Every line from the one with "documenti in fronte-retro." up to and including the one with "La littérature, c'est" is to be output exactly as it appears below; pictures are not.

**Input material:**
+--

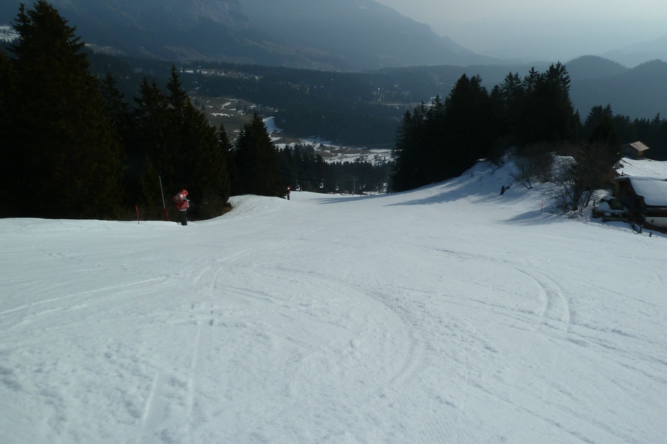 Letzter Steilhang der roten Abfahrt 45 mit Blick zur Talstaion Treis Palas.
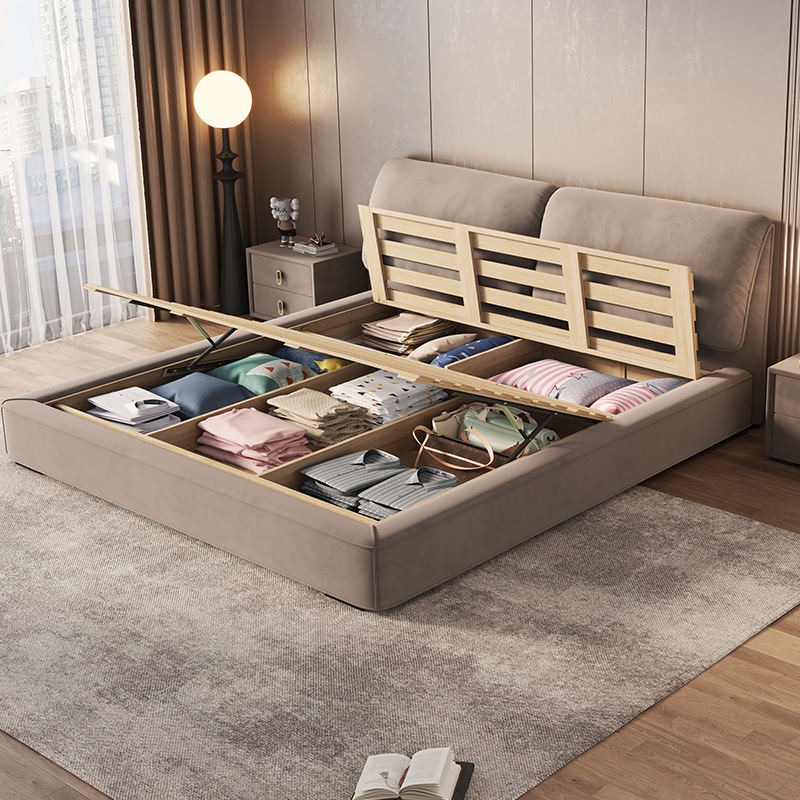 Giường được tích hợp hệ thống nâng thủy lực giúp mở khoang chứa rộng rãi bên dưới. Bên trong được chia thành nhiều ngăn lưu trữ khoa học, hỗ trợ người dùng cất gọn chăn gối, quần áo và đồ dùng cá nhân, mang lại căn phòng gọn gàng, tối ưu diện tích.
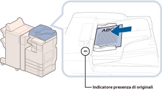 . La macchina trasporta automaticamente gli originali uno alla volta e li posiziona sul vetro di lettura, da cui vengono acquisiti. Gli originali in fronte-retro possono essere voltati automaticamente e letti come documenti in fronte-retro.
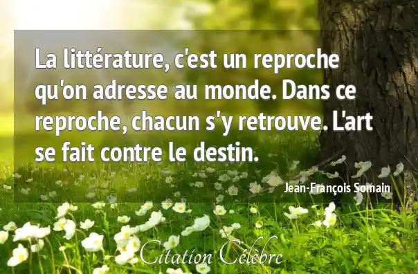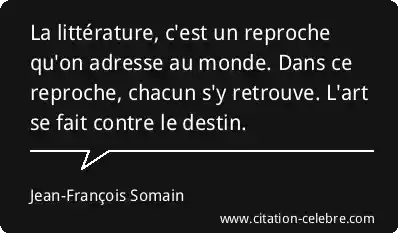 La littérature, c'est un reproche qu'on adresse au monde. Dans ce reproche, chacun s'y retrouve. L'art se fait contre le destin.
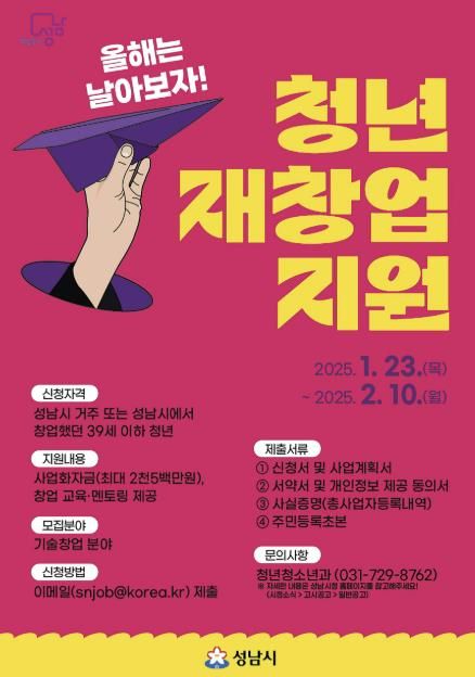 (비전21뉴스=정서영 기자) 성남시는 오는 2월 10일까지 청년 재창업 지원사업 참여자 9개 팀(팀별 1~2명)을 모집한다.

+--

**Exercise solution:**
 . La macchina trasporta automaticamente gli originali uno alla volta e li posiziona sul vetro di lettura, da cui vengono acquisiti. Gli originali in fronte-retro possono essere voltati automaticamente e letti come documenti in fronte-retro.
 La littérature, c'est un reproche qu'on adresse au monde. Dans ce reproche, chacun s'y retrouve. L'art se fait contre le destin.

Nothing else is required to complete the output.